В 1856 году Уильяму Генри Перкину исполнилось восемнадцать лет. В Королевском колледже химии он считался одаренным студентом. Перкин вместе с одногруппниками занимался поисками синтетической альтернативы хинину, лекарству от малярии, которое добывали из коры хинного дерева, произраставшего в Южной Америке. Преподаватель обратил внимание, что субстанция, которая остается после горения газа, сходна с хинином, и убедил студентов попытаться выяснить, каким образом можно смешать водород, кислород и каменноугольную смолу и заработать целое состояние.

Перкин любил химию, поэтому обустроил импровизированную лабораторию на чердаке родительского дома в лондонском Ист-Энде. Однажды, когда юноша мыл пробирки, он заметил на дне какой-то черный осадок, который, по его собственному признанию, сперва собирался выкинуть, но потом передумал. Оказалось, что раствор этого вещества имеет очень красивый оттенок. Это был мовеин, первый из синтетических красителей.
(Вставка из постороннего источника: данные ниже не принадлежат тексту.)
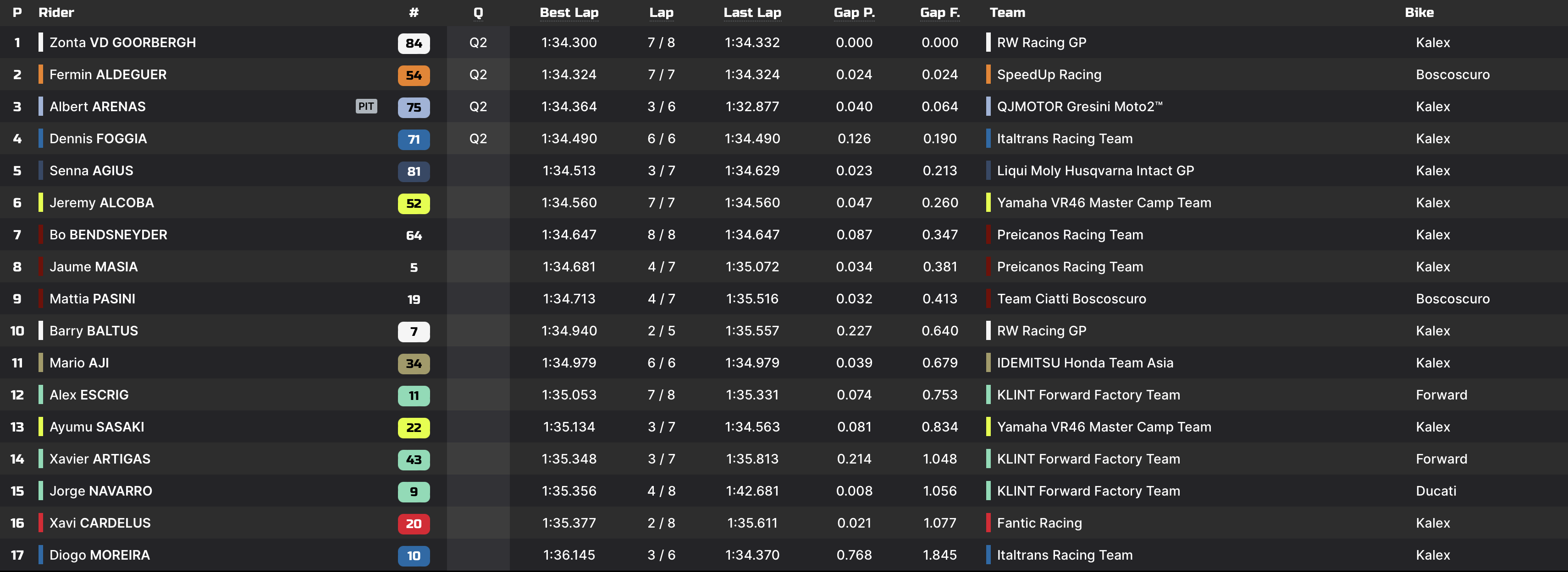 Alors que de nombreux pilotes améliorent devant le drapeau à damier, Dennis Foggia parvient à se démarquer pour s’offrir la quatrième place de cette première partie de séance qualificative, et ainsi sécuriser une place dans les 18 premiers en prenant part à la Q2.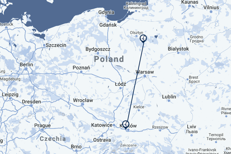 Loty na trasie Olsztyn Mazury (SZY) - Kraków Balice (KRK) wykonywane będą od 20 czerwca 2020 roku. Trasa obsługiwana będzie trzy razy w tygodniu - w poniedziałki, środy i piątki . Lot trwać będzie 1 godz. i 5 minut. Na trasie operować będzie odrzutowy samolot pasażerski Embraer 175. Bilety lotnicze kosztują od 99 zł w jedną stronę bez bagażu. | ||||||||||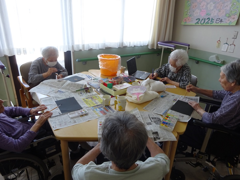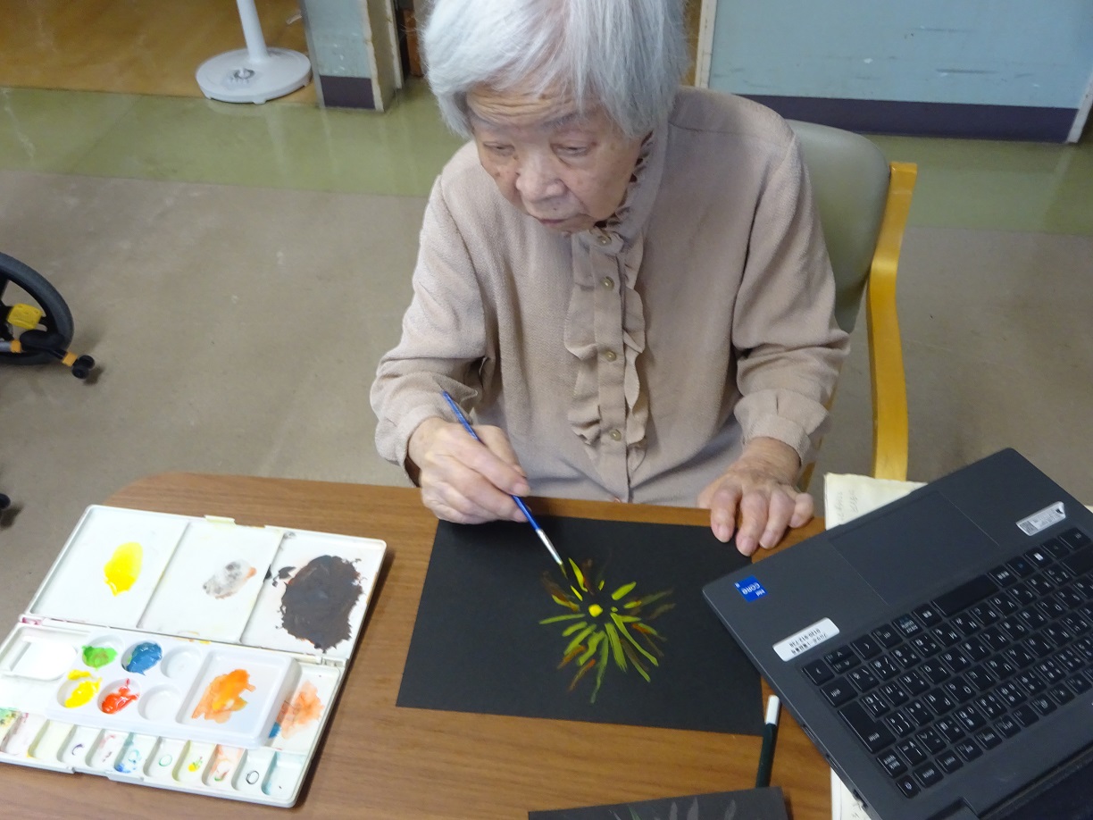 他の方の描いた絵を見て「綺麗ですね」など和気あいあいとしたフロア行事になりました。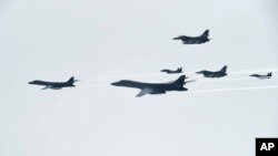 Южнокорейские СМИ сообщают, что в учениях на этой неделе могут принять участие бомбардировщики B-1B. Представитель ВВС США не смог подтвердить эти сообщения.

Одно время мне довелось жить по соседству с домом Перкина, и я обратила внимание на синюю табличку, которая извещала прохожих, что здесь в марте 1856 года в домашней лаборатории был изобретен первый «анилиновый краситель». Вернувшись домой, я уточнила в словаре, что такое анилин. Уже много лет спустя, занимаясь сбором материалов об индиго, я поняла, что это слово происходит от санскритского «нил», и решила, что цвет должен быть таким же синим, как та табличка, и лишь потом узнала, что Перкин открыл мовеин, то есть лиловый краситель.

Вообще-то сначала юный химик назвал свое открытие по-другому, а именно «тирский пурпур», в честь города Тира, где производили пурпурную краску: об этом Перкин узнал еще в школе на уроках латыни. Этот цвет когда-то носили императоры, название было выбрано с дальним прицелом: акцент делался на роскошь, чтобы привлечь как можно больше потенциальных покупателей. Чуть позже молодой человек понял, что историческая аллюзия не сработала, и в срочном порядке переименовал новую краску, назвав ее на этот раз в честь цветка мальвы.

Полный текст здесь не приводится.